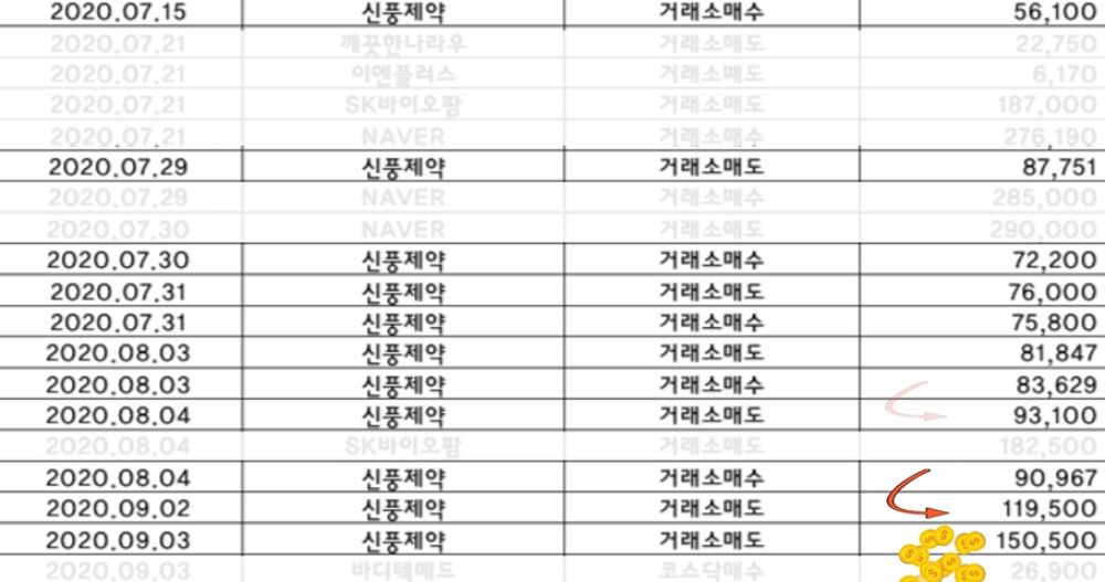 신풍제약 역시 최초 56,100원일 때 매수해서 10% 내외의 수익이 날 때마다 매도하고 조정장에 다시 매수하기를 반복해서 150,500원이 될 때까지 꾸준히 수익을 냈습니다.
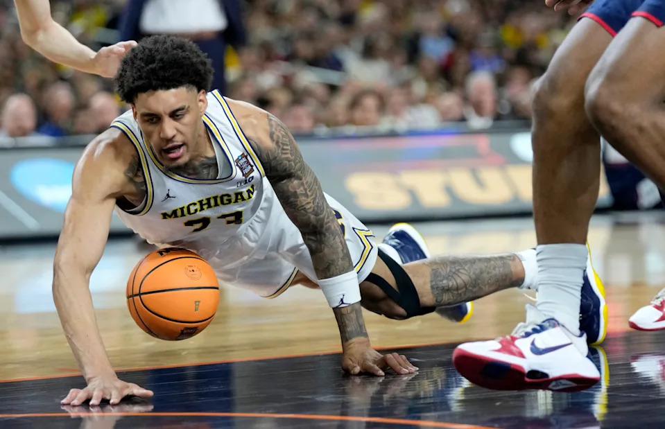 Michigan Wolverines forward Yaxel Lendeborg (23) dives for a loose ball Monday, April 6, 2026, during the NCAA men’s basketball tournament national championship game against the UConn Huskies at Lucas Oil Stadium in Indianapolis.
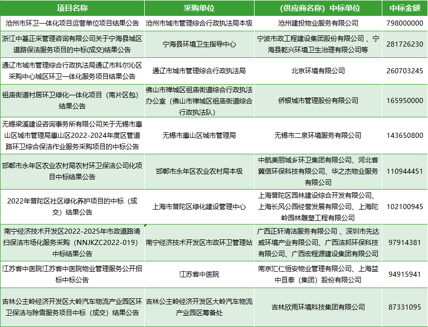 7月物业服务政府采购排名前十的大标具体中标信息请看由小编整理的表格:
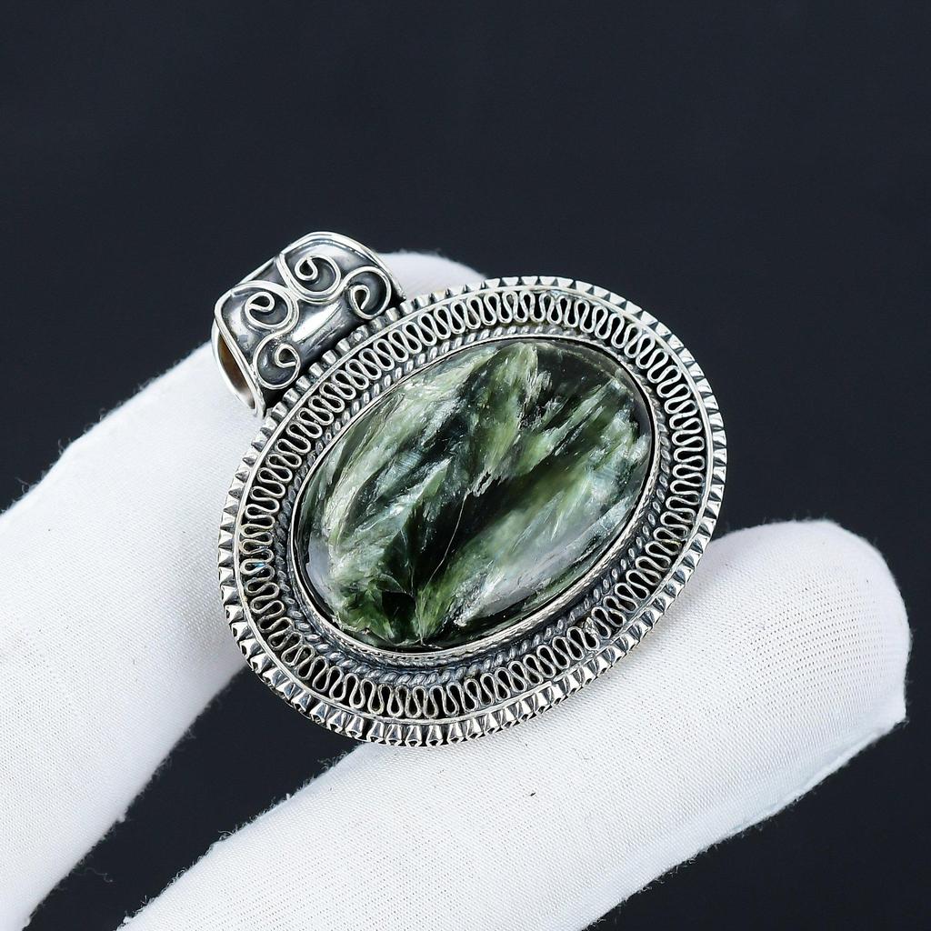 Серебряный кулон с натуральным драгоценным камнем серафинитом из серебра 925 пробы — дизайн ручной работы, повседневные украшения, антикварные кулоны в подарок для нее
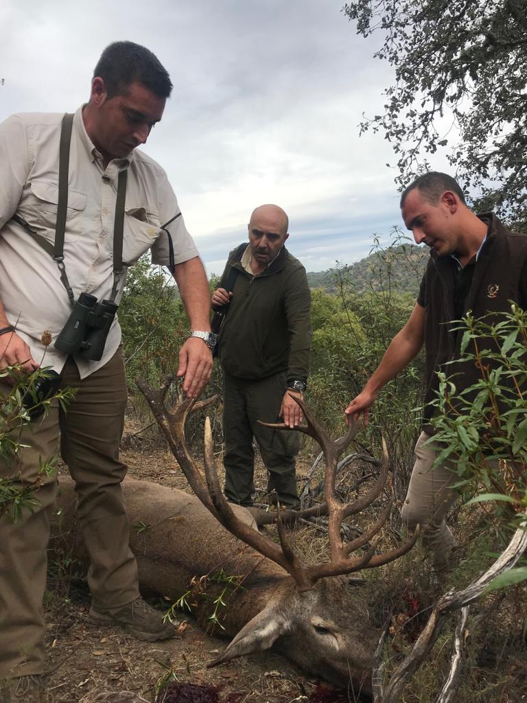 La tensión se cortaba presagiando el ansiado desenlace mientras sus bramidos se escuchaban más y más fuerte, y por fin ahí estaba, su majestuosa silueta dibujaba el horizonte, mientras intentaba colocar la cruz en el sitio y aguantar la respiración a la misma vez, pues no dejaría mucha opción de lance este veterano del monte, y todo paso en un segundo, tira!!, me dijo Jesús con voz rotunda, y eso hice, descargando en este mismo instante toda la tensión acumulada durante este tiempo, y consiguiendo colocar un certero disparo con el que no pudo aguantar caminando más de 30 metros, y calló. Abrazos y enhorabuenas se repetían hasta que llegamos al lugar donde yacía el maravilloso ciervo que había dado caza, en su propio territorio y con un rececho como mandan los cánones. No quiero dejar pasar la ocasión para agradecer a Jesús Jiménez de Venatoria Safaris y a la guardería por la magnífica organización en estos dos dias de caza, y por supuesto, a mi gran amigo Carlos y Jose por acompañarme en esta emocionante experiencia.
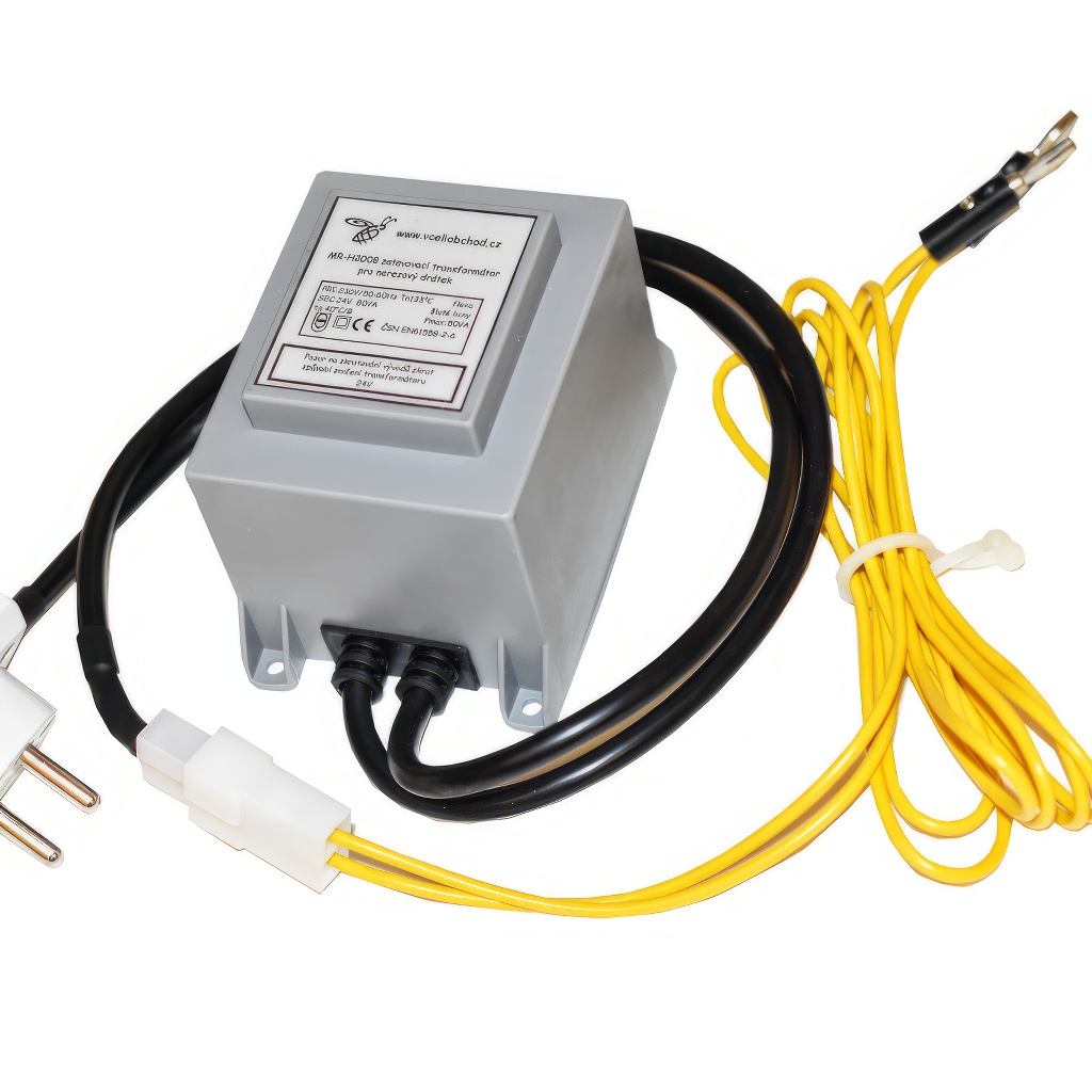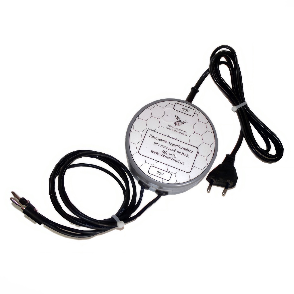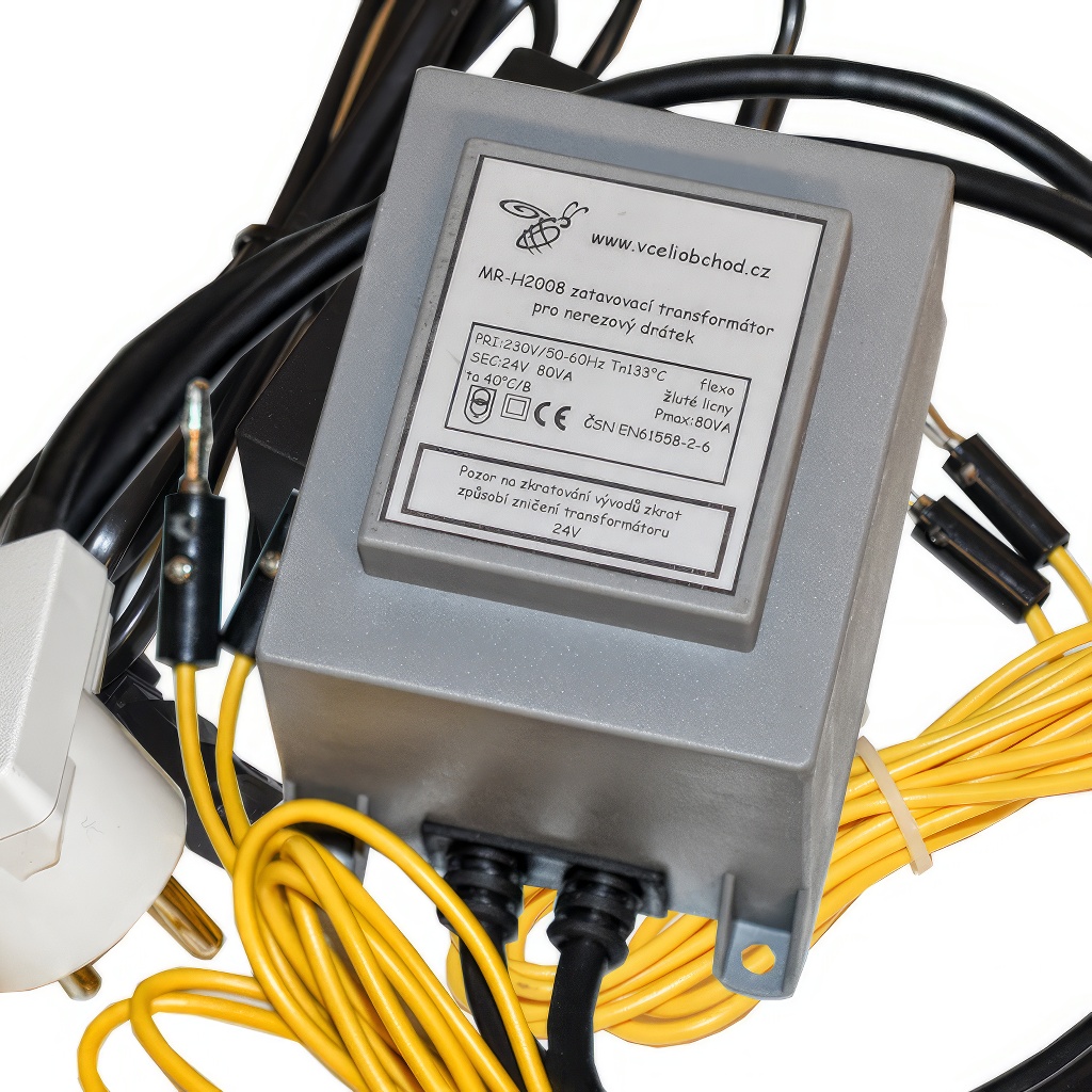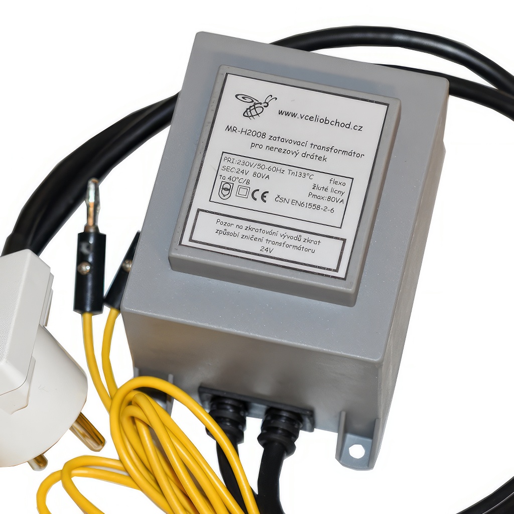 Einschmelztrafo zum Einschmelzen von Edelstahldraht in Mittelwände - (Einschmelzgerät). Ausgang 24 V, 80 VA. Die Bespannung des Bienenrähmchens sollte idealerweise mit einem Wellgerät gespannt werden. Der Draht wird dann gewellt und verkürzt, bleibt aber dennoch elastisch. Die Mittelwände werden an die Drähte zur unteren Leiste angelegt und den Spalt oben schließen die Bienen immer, während unten nur schwer. An die Drahtenden werden die Kontakte des sogenannten Einschmelztrafos (24 V) angelegt und die Drähte erwärmen sich durch den Widerstand und gleiten in das Wachs der Mittelwand. In diesem Moment ist es notwendig, die Trafokontakte von den Drahtenden zu entfernen. Sie müssen keine Unterlage verwenden. Sobald Sie es einige Male ausprobiert haben, bekommen Sie ein Gefühl und eine Einschätzung dafür, wann die Kontakte zu trennen sind, damit die Mittelwand nicht durchschmilzt.

**How to complete this task**
Take the material above from its first line through the line that has "Серебряный кулон с" and copy it exactly, without any pictures.

**Written reply**
 신풍제약 역시 최초 56,100원일 때 매수해서 10% 내외의 수익이 날 때마다 매도하고 조정장에 다시 매수하기를 반복해서 150,500원이 될 때까지 꾸준히 수익을 냈습니다.
 Michigan Wolverines forward Yaxel Lendeborg (23) dives for a loose ball Monday, April 6, 2026, during the NCAA men’s basketball tournament national championship game against the UConn Huskies at Lucas Oil Stadium in Indianapolis.
 7月物业服务政府采购排名前十的大标具体中标信息请看由小编整理的表格:
 Серебряный кулон с натуральным драгоценным камнем серафинитом из серебра 925 пробы — дизайн ручной работы, повседневные украшения, антикварные кулоны в подарок для нее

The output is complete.